Enlightenment philosopher Immanuel Kant had similar thoughts. He believed the only thing that mattered for ethics was that we act with a good will. Whatever happened to us or around us, so long as we act with the intention of fulfilling our duties, we’re be in the clear, ethically speaking. It’s our rational nature – our ability to think – that defines us ethically. And thinking is completely within our control.
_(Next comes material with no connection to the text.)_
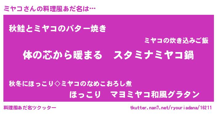 | 男性向けラノベタイトル風あだ名 | 『やはりミヤコの青春ラブコメはまちがっている 』 |

I go through life and see & value people through their actions, and their intend. What they say is “Schall und Rauch” to me. I strive to live fearless and without baggage. There is no other way if you want to be able to help others and yourself. Angst eats soul and makes your heart small. I have to thanks to my Ethics peeps for all their good food for thought <3.

Persistence

Starting in a new team tomorrow. All the panicky bells and whistles going, the familiar anxiety combo. But age & experience have their advantage in that it’s all not so overwhelming anymore. Instead the pressure’s rather distilling. Boiling the essence out of my ingredients. I have learnt that my main USP is persistence. I tend to not give up. I might not be as diplomatic or graceful as others, but I do make things work.

The thrust for that I get from a vast word-zoo in my head. Words are my shtick. In my mind, thoughts are roaming the wild like a bunch of liberated serengetians. For me, doing work and giving structure to a project is the side-noise that keeps me sane… and lets me ponder in the background.
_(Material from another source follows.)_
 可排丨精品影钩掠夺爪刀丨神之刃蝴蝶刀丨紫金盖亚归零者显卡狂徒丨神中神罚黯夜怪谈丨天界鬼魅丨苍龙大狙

Intuition and decision making

Brain science tells us there are three kinds of intuition: ordinary, expert, and strategic.

Ordinary intuition is just a feeling, a gut instinct.

Expert intuition is snap judgments, when you instantly recognize something familiar, the way a tennis pro knows where the ball will go from the arc and speed of the opponent’s racket.

Strategic intuition is a clear thought. It’s not a vague feeling, like ordinary intuition. And it’s not fast like expert intuition. It’s slow. That epiphany of insight you had last night might solve a problem that’s been on your mind for a month. And it doesn’t happen in familiar situations, like a tennis match. Strategic intuition works in new situations. That’s when you need it most.

This third kind of intuition is what I go by whenever I can. Strategic intuition is what guides the majority of my decision making. And while it is unpopular these days to request time for thinking, you have to take your stand and do it anyway, and allow for proper time to reflect. I have a 24 hrs ‘sleep it over’ rule.

Which compliments my other approach to life and everything, something that’s called the OODA loop (observe, orient, decide and act). This ‘rapid evaluation routine’ keeps running permanently on the back of my mind (or wherever my intuition-o-meter sits). Originally the OODA method was derived by pilots who apply the loop to make fast decisions and review them in a constant cognitive circle.